DIRECTIONS:
Retype the listing exactly as it stands, and keep every image out.

EXERCISE DATA:

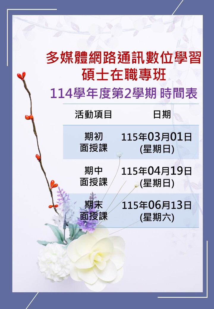 114學年度第二學期 期末面授 課程時間表
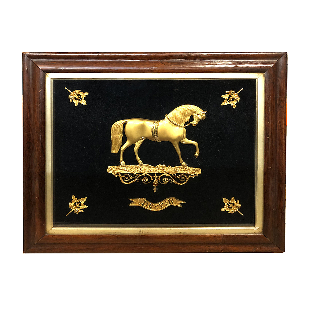 19TH CENT GILT BRONZE HORSE PLAQUE WITH LEAF CORNER MOUNTS IN A ROSEWOOD FRAME 62 CM HIGH 72 CM WIDE OVERALL
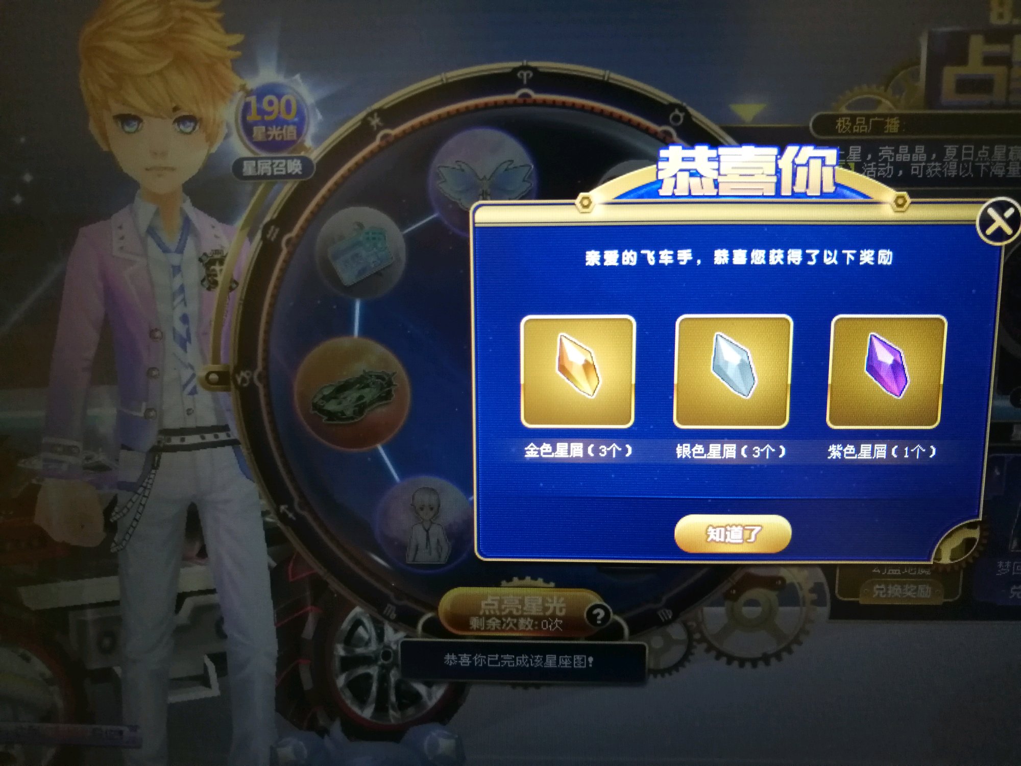 前几天一直一个一个金色星屑,今天190星光值3个金的,🌙座椅瞬间稳了
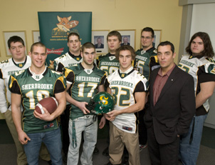 Trois joueurs des Volontaires du Cégep de Sherbrooke, doubles champions en titre du Bol d’Or collégial AA, feront leur entrée à l’UdeS en janvier, soit le spectaculaire porteur de ballon Gabriel Bernard-Perron, le joueur de ligne offensive format géant Christopher Belley-Rosa ainsi que l’excellent demi défensif Frédérick Jacques.

SOLUTION:
 114學年度第二學期 期末面授 課程時間表
 19TH CENT GILT BRONZE HORSE PLAQUE WITH LEAF CORNER MOUNTS IN A ROSEWOOD FRAME 62 CM HIGH 72 CM WIDE OVERALL
 前几天一直一个一个金色星屑,今天190星光值3个金的,🌙座椅瞬间稳了
 Trois joueurs des Volontaires du Cégep de Sherbrooke, doubles champions en titre du Bol d’Or collégial AA, feront leur entrée à l’UdeS en janvier, soit le spectaculaire porteur de ballon Gabriel Bernard-Perron, le joueur de ligne offensive format géant Christopher Belley-Rosa ainsi que l’excellent demi défensif Frédérick Jacques.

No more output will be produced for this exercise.